Editorial

Por Diogo Spinelli e Heloísa Sousa
18/07/2021

A segunda edição da Revista Farofa Crítica traz como tema o Dossiê CORPO-DOCUMENTO CORPO-CIDADE CIDADE-DOCUMENTO. São artigos e relatos de processo, além de uma seção especial dedicada à exposição Corpo Desabrigo (2019) da Sociedade T, que investigam e relatam práticas artísticas realizadas por coletivos e artistas da região Nordeste cujas obras tangenciam as questões relativas aos binômios estabelecidos como eixo norteador desta edição. 

Importante mencionar que estes textos foram originalmente submetidos na convocatória para a primeira edição da Revista, cujo Dossiê tinha como tema Cenas e Visualidades. Como na ocasião recebemos um grande volume de submissões de nosso interesse, resolvemos dividir os textos selecionados entre as duas edições. Isso ocasionou uma disparidade entre a relação do número de autores e de autoras, havendo apenas a presença da pesquisadora Tainá Macedo como mulher autora colaborando com esta segunda edição. Importante pontuar esse quadro, para destacar que a Revista Farofa Crítica se pretende uma publicação que afirme a diversidade entre seus colaboradores não apenas apresentada nos textos, práticas e pensamentos, mas também nas diversas vivências de corpos e trajetórias. Dessa forma, as edições seguintes estarão atentas a pontuar essa multiplicidade em seu sumário. Mencionamos ainda que, diferentemente de nossa edição inaugural, esse número é realizado de forma totalmente independente, sem quaisquer patrocínios ou incentivos. 

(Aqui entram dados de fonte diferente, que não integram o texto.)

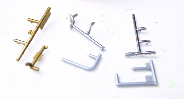 キットには3種類のメッキパーツがあります。このイエローメッキはムラが多いです(個体差かな?)。あと個人的に好みの色味ではありませんので、本番製作ではメッキは落として再塗装します。(メッキ落としについては文末に記載)

Essa é uma realidade que se prolonga por muitos anos, desde o lançamento do site do Farofa Crítica, onde mais de cem textos críticos encontram-se publicados, sem que houvesse remuneração por parte de seus autores e autoras, à exceção de pontuais festivais de teatro e dança fora do estado do Rio Grande do Norte, com os quais tivemos a oportunidade de estabelecer parcerias. Isso ressalta que ainda há caminhos a serem trilhados na busca por uma crescente valorização da atividade crítica como atividade artística fundamental na articulação de saberes sobre a arte, de registros históricos, produção de memórias e formação de plateias. O Farofa Crítica vem se apresentando como espaço resistente nessa atividade, fomentando a formação de outros críticos e críticas no estado e fora dele, reivindicando outros olhares para essa atividade profissional. 

Abrindo essa edição, temos o artigo de Reginaldo Oliveira (AL) sobre o processo de criação da obra Encontros (2010), da Cia dos Pés, companhia de dança do estado de Alagoas fundada nos anos 2000. Amparado pelas teorias de Jorge Larrosa Bondía e Walter Benjamin, o autor – que também é integrante da companhia – relata de que forma o trabalho desenvolvido pelo coletivo alagoano preza por “corpos ideias”, fazendo com que as obras da companhia levem em consideração os corpos, as vivências e experiências dos dançarinos, que passam a ser coautores de suas criações.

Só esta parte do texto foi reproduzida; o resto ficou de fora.